Friday, 15 July 2011

Greek and Italy Downgrades

Amongst the carnage of the media-political mudfest that has been the News Internatioanl story, unnoticed by many the Euro crisis has entered a new phase.

With Ireland and Italy heading either deeply into junk bond status or hovering precipitously over it, the Euro is finally doomed.

Now, this has been said before and I fully expect a healthy amount of QE to be unleashed to settle the markets before the year is out (this is the only way to save the ECB too, so watch out those feeling bearish and think through the logic of those in charge!).

However, it's over. The PIIGS cannot survive in the Euro and need to devalue into either euro-lite or their old currencies.

After the whole News International stories die away, I don't have much doubt predicting what is going to dominate the news for the rest for 2011.

15 comments:

Dick the Prick said...

I want to know how someone goes about getting a job with these rating agencies. I reckon i've got all the right skills to get wankered all day and make it up as I go along without ever drawing reference to facts or consequences. Only 6 months late but better late than never I guess. Bunch of knobheads, the lot of them.

measured said...

The ratings agencies can see the crunch coming in August. Doesn't the US interest date fall on the 15th August? The ratings agencies are yet again far too late at trying to cover themselves as it could be messy. If I was Norwegian, I'd fetch popcorn.

Blue Eyes said...

Can't the Euro simply convert itself into a soft currency? Obviously, German voters would not be impressed, but...

chris said...

Haven't we got the ratings agencies we deserve? We give them elevated status, allow them to proffer opinions, protected by free-speech laws, and then force the entire financial ecosystem to build their models and structures on top. How can we go crying to the politicians now? There's no going back - make the ratings more conservative and everbody is revealed to be insolvent. Remove them entirely, and we'll just have to start guessing blindly who's going to be next like we did with Lehman.

Timbo614 said...

Are you suggesting CU that we buy this now fantasy market that relies on QE hope to keep it anywhere near bouyant?

Fundamentals and figures is what a the market should be about not future-gazing money press opportunism.

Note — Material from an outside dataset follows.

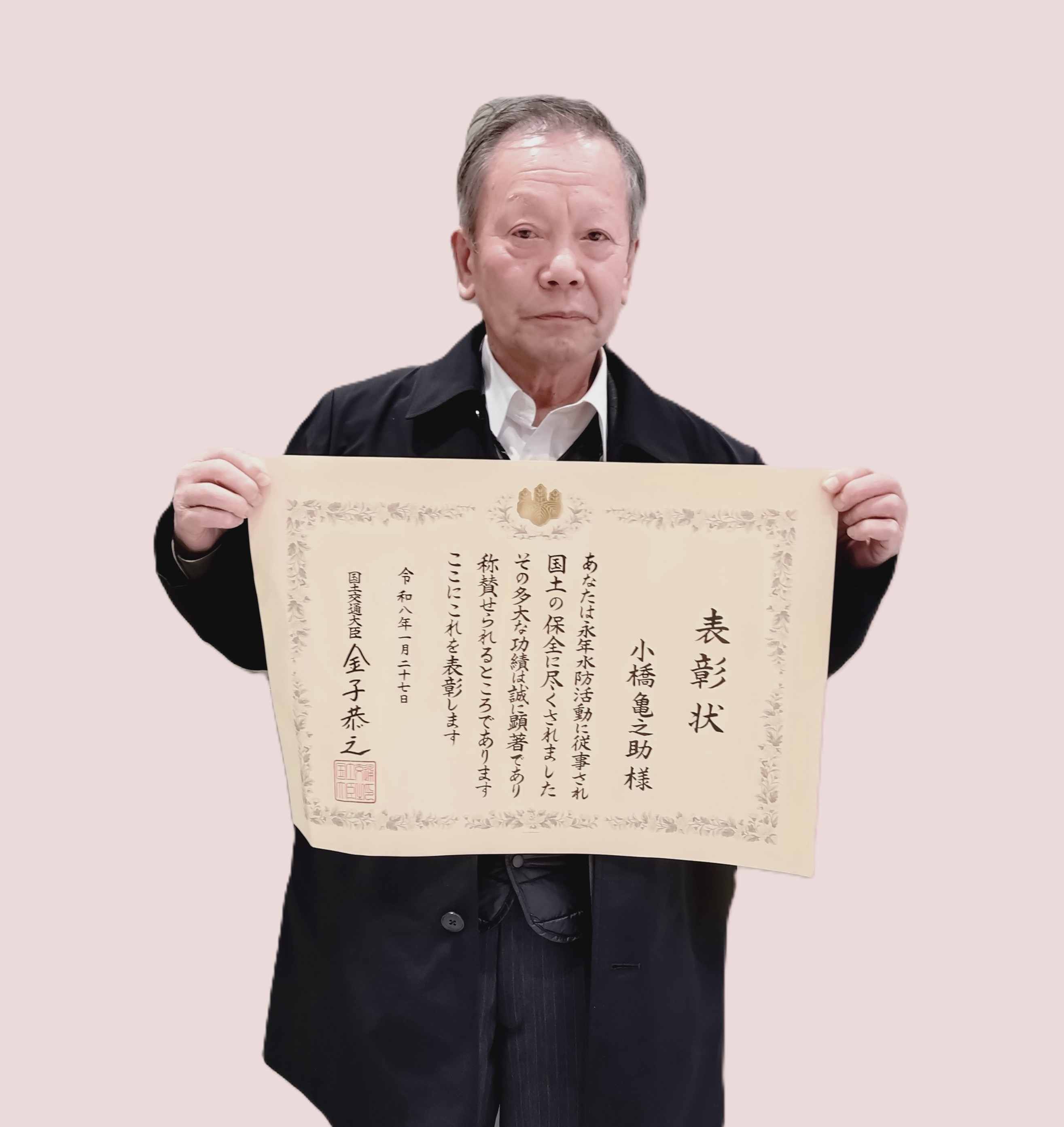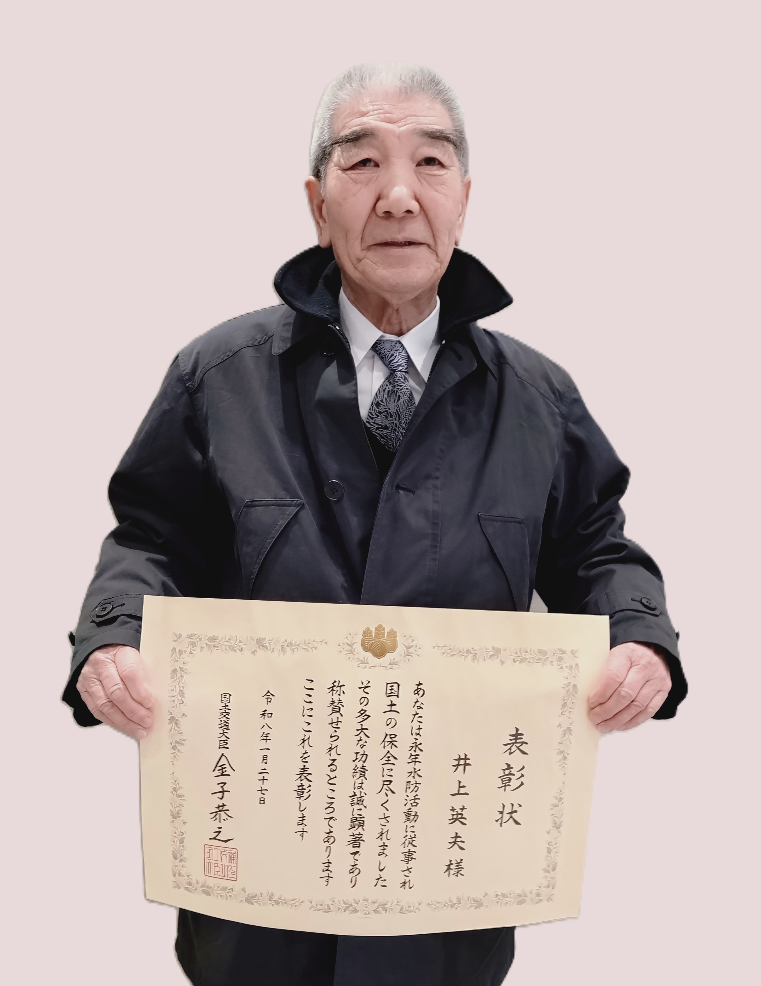 1月27日に国土交通省で開催された水防功労者国土交通大臣表彰式に出席され、

I think that a shake-out of sorts is on the cards and imminent so I'll be keeping my bear suit on at the moment.

Anonymous said...

is it wrong to ask: "how best to capitalise on the rapidly unwinding project"....?

andrew said...

So, if you are right and PIGS (not italy) drift out of the euro, what then?

I am sure that in the short term, the markets will call the end of the world. PIGS will have some nasty transition costs.

In the longer term, doesn't that leave the EUR representing a smaller bunch of 'fitter' countries?

I have half a feeling this is a case of 'Fog in Channel, Continent Cut Off'

Sean said...

So what is going to happen with all the junk that the ECB thinks it does not hold?

Scan said...

Afternoon CU,

Your resident dullard at your service. :)

Do you not think that the EU apperatchiks will go all the way into fiscal union before they drop the Euro? If you think they'll give up on the Euro before they all do a Budd Dwyer, then I think you're kidding yourself.

SumoKing said...

I'm not being funny but you've been posting every 6 weeks for the last 4 years

"HAHA! THE EURO IS DOOMED THIS TIME!"

It's like you're the Hooded Claw and the euro is Penelope Pitstop, a pretty rank, no tread left on the tie Penelope Pitstop but Penelope Pitstop all the same

Budgie said...

I (reluctantly) think like Scan. As with CAGW, the EU has too much at stake to capitulate gracefully. I'm not saying a euro collapse won't happen - just that the EU elite will make the transistion as painful to us as possible.

Botogol said...

'euro-lite' .. (scratches head) so how would that work then?

Anonymous said...

There two big problems affecting facing our treasury with the Euro, the first directly is Ireland (or Eire) all those direct loans by the UK, RBS & Lloyd/HBOS have high amounts lent in Ireland, secondly the UK banks have bought some sort of loan agreements (guarantees I think) to cover the French and German Banks, sounds very similar to the big US bank swindle off setting dodgy loans. It seems as if we are in it whether we like it or not, oh I forgot there was something of an extra contribution to the IMF

Electro-Kevin said...

The News Int furore won't be allowed to die away. The Left (including many Tories) are fizzing with delight over the prospect of the Daily Mail being tamed.

It's the final part of the Left-Wing putsch.

CityUnslicker said...

Sumo, to be fair I wrote my MBA dissertation of the failure of the eea to be a single currency area and that was fifteen years ago, so accusing me of six months is not really going far enough.

We also said for 2 years there was going to be a credit crunch and people said it will all get sorted somehow...sadly this is the same mess. As budd
Gie and others say the eu elites are going to going to go all out to save things, but then end is the same.

Why all the blame for the ratings agencies, in the credit crunch they were lying about aaa loans, this time they are telling everyone countries are broke when they are. If anything the pendulum has swung too far, but probably not.